Politically-speaking, these aren’t popular ideas. The last thing we need after an extended global slump brought on by profligacy is more spending, the thinking goes. Indeed, most governments are in a hurry to balance the books to demonstrate their fiscal bonafides. Thanks to the debt ceiling battles, the U.S. government is now slashing spending at an unprecedented rate. Meanwhile, Flaherty has predicted a budget surplus by 2015.

Economists, on the other hand, are divided on the wisdom of so much belt-tightening so soon. Those who believe fiscal responsibility makes businesses feel better about investing, and consumers more inclined to spend, argue the fact that the U.S. economy grew by 2.6 per cent through the first three quarters of 2013, and 4.1 per cent in the fourth quarter, is evidence austerity works. Others argue the U.S. recovery was merely strong enough to withstand an ill-timed experiment.

Canada, of course, is also conducting its own real-time economic experiment. But, unlike the U.S., we may have picked an even riskier time to do it.
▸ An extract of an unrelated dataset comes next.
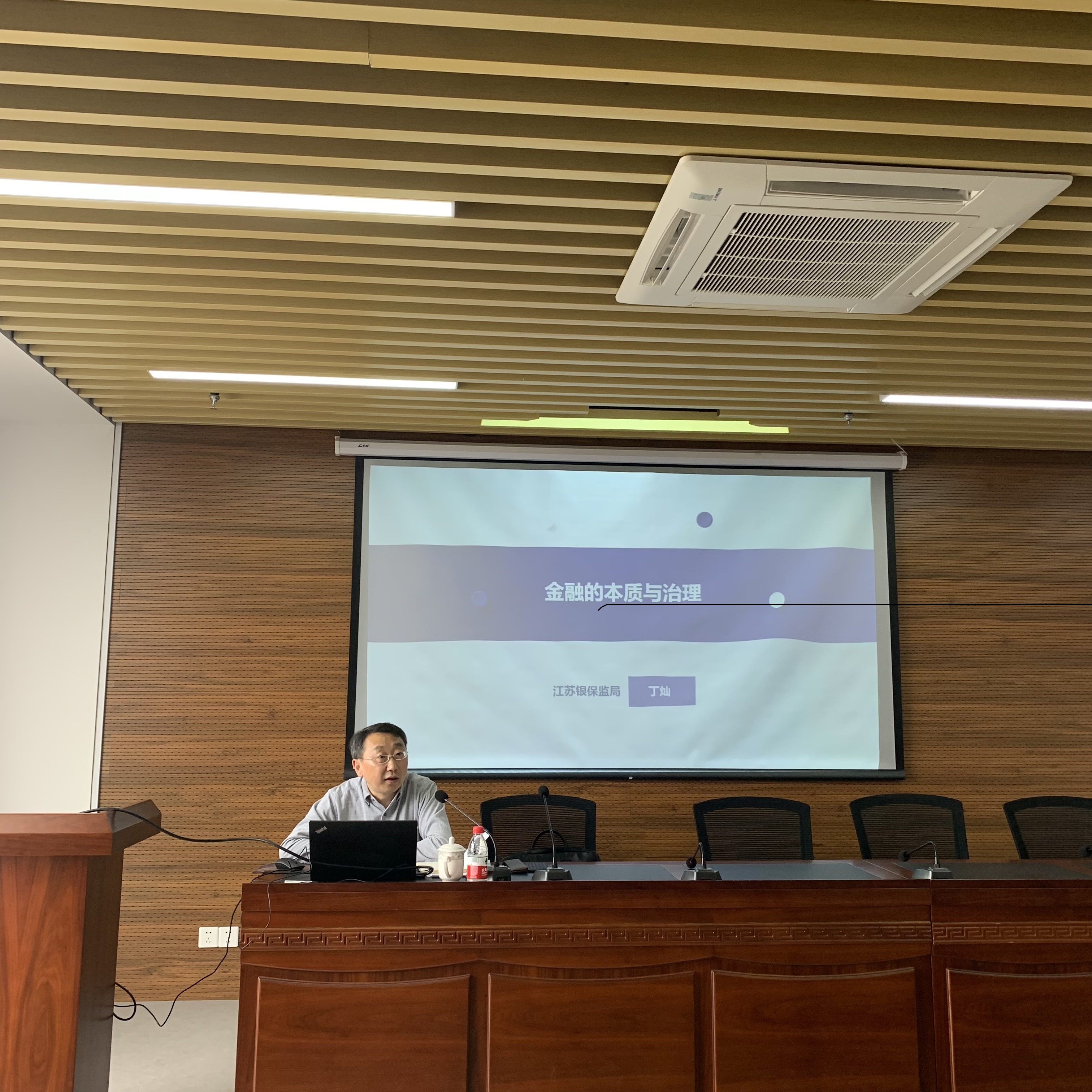江苏省银保监局党委委员、副局长丁灿做学术报告
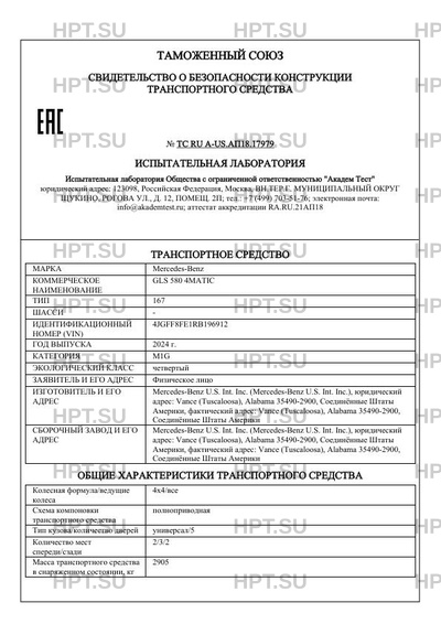| Коммерческое наименование | GLS 580 4MATIC |

Canada’s economy grew by a barely-there 1.6 per cent last year, businesses are shedding jobs and policy-makers are still grappling with the possibility of a housing bubble. “We must stay focused on our plan to grow the economy and keep taxes low to create the environment where job creation can flourish,” Flaherty said in a statement following the release of December’s brutal job numbers. Yet, other than another interest rate cut by the Bank of Canada (which has yet to yield the desired result), it appears Ottawa’s “plan” remains remarkably similar to the rest of the country’s—and that’s to simply wait and see what happens next.